Consolidation ttl: `spec.disruption.consolidateAfter`

Open runningman84 opened this issue 2 years ago • 56 comments

Tell us about your request

We have a cluster where there are a lot of cron jobs which run every 5 minutes...

This means we have 5 nodes for our base workloads and every 5 minutes we get additional nodes for 2-3 minutes which are scaled down or consolidated with existing nodes.

This leads to a constant flow of nodes joining and leaving the cluster. It looks like the docker image pull and node initialization creates more network traffic fees than the cost reduction of not having running the instances all the time.

It would be great if we could configure some time consolidation period maybe together with ttlSecondsAfterEmpty which would only cleanup or consolidate nodes if the capacity was idling for x amount of time.

Tell us about the problem you're trying to solve. What are you trying to do, and why is it hard?

Creating a special provisioner is quite time consuming because all app deployments have to be changed to leverage it...

Are you currently working around this issue?

We think about putting cronjobs into a special provisioner which would not use consolidation but the ttlSecondsAfterEmpty feature.

Additional Context

No response

Attachments

No response

Community Note

  • Please vote on this issue by adding a 👍 reaction to the original issue to help the community and maintainers prioritize this request
  • Please do not leave "+1" or "me too" comments, they generate extra noise for issue followers and do not help prioritize the request
  • If you are interested in working on this issue or have submitted a pull request, please leave a comment

runningman84 avatar Dec 19 '22 08:12 runningman84

We've talked about this a fair bit -- I think it should be combined/collapsed w/ ttlSecondsAfterEmpty.

ellistarn avatar Dec 19 '22 17:12 ellistarn

The challenge with this issue is more technical than anything. Computing ttlSecondsAfterEmpty is cheap, since we can cheaply compute empty nodes. Computing a consolidatable node requires a scheduling simulation across the rest of the cluster. Computing this for all nodes is really computationally expensive. We could potentially compute this once on the initial scan, and again once the TTL is about to expire. However, this can lead to weird scenarios like:

  • t0, node detected underutilized, enqueued to 30s TTL
  • t0+25s, pod added somewhere else in the cluster, making the node no longer consolidatable
  • t0+29s, pod removed somewhere else in the cluster, making the node consolidatable again, should restart TTL
  • t0+30s, node is consolidated, even though it's only been consolidatable for 1 second.

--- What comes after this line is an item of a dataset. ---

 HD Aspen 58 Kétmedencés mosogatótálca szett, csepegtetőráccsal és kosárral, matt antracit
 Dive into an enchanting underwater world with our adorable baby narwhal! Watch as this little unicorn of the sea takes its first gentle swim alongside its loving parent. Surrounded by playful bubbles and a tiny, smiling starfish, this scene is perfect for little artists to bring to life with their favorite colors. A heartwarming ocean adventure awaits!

The only way to get the semantic to be technically correct is to recompute the consolidatability for the entire cluster on every single pod creation/deletion. The algorithm described above is a computationally feasible way (equivalent to current calculations), but has weird edge cases. Would you be willing to accept those tradeoffs?

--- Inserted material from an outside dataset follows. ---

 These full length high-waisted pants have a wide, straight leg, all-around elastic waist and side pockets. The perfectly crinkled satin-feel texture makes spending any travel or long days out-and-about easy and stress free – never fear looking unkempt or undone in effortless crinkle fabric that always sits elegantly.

ellistarn avatar Dec 19 '22 17:12 ellistarn

The only way to get the semantic to be technically correct is to recompute the consolidatability for the entire cluster on every single pod creation/deletion. The algorithm described above is a computationally feasible way (equivalent to current calculations), but has weird edge cases. Would you be willing to accept those tradeoffs?

I'm a little unclear on this and I think it's in how I'm reading not in what you've said. What I think I am reading is that running the consolidatability on every single pod creation/deletion is to expensive. As an alternative the algorithm above is acceptable but in some cases could result in node consolidation in 'less than' TTLSecondsAfterConsolidatable due to fluctuation in cluster capacity between initial check (t0) and confirmation check/ (t0+30s in the example).

Have I understood correctly?

kylebisley avatar Dec 19 '22 21:12 kylebisley

Yeah exactly. Essentially, the TTL wouldn't flip flop perfectly. We'd be taking a rough sample (rather than a perfect sample) of the data.

ellistarn avatar Dec 19 '22 22:12 ellistarn

Thanks for the clarity. For my usage I'd not be concerned about the roughness of the sample. As long as there was a configurable time frame and the confirmation check needed to pass both times I'd be satisfied.

What I thought I wanted before being directed to this issue was to be able to specify how the consolidator was configured a bit like the descheduler project because I'm not really sure if the 'if it fits it sits' approach to scheduling is what I need in all cases.

kylebisley avatar Dec 20 '22 02:12 kylebisley

Specifically, what behavior of descheduler did you want?

ellistarn avatar Dec 20 '22 18:12 ellistarn

Generally I was looking for something like the deschedulerPolicy.strategies config block which I generally interact through the helm values file. More specifically I was looking for deschedulerPolicy.strategies.LowNodeUtalization.params.nodeResourceUtilizationThresholds targetThresholds and thresholds.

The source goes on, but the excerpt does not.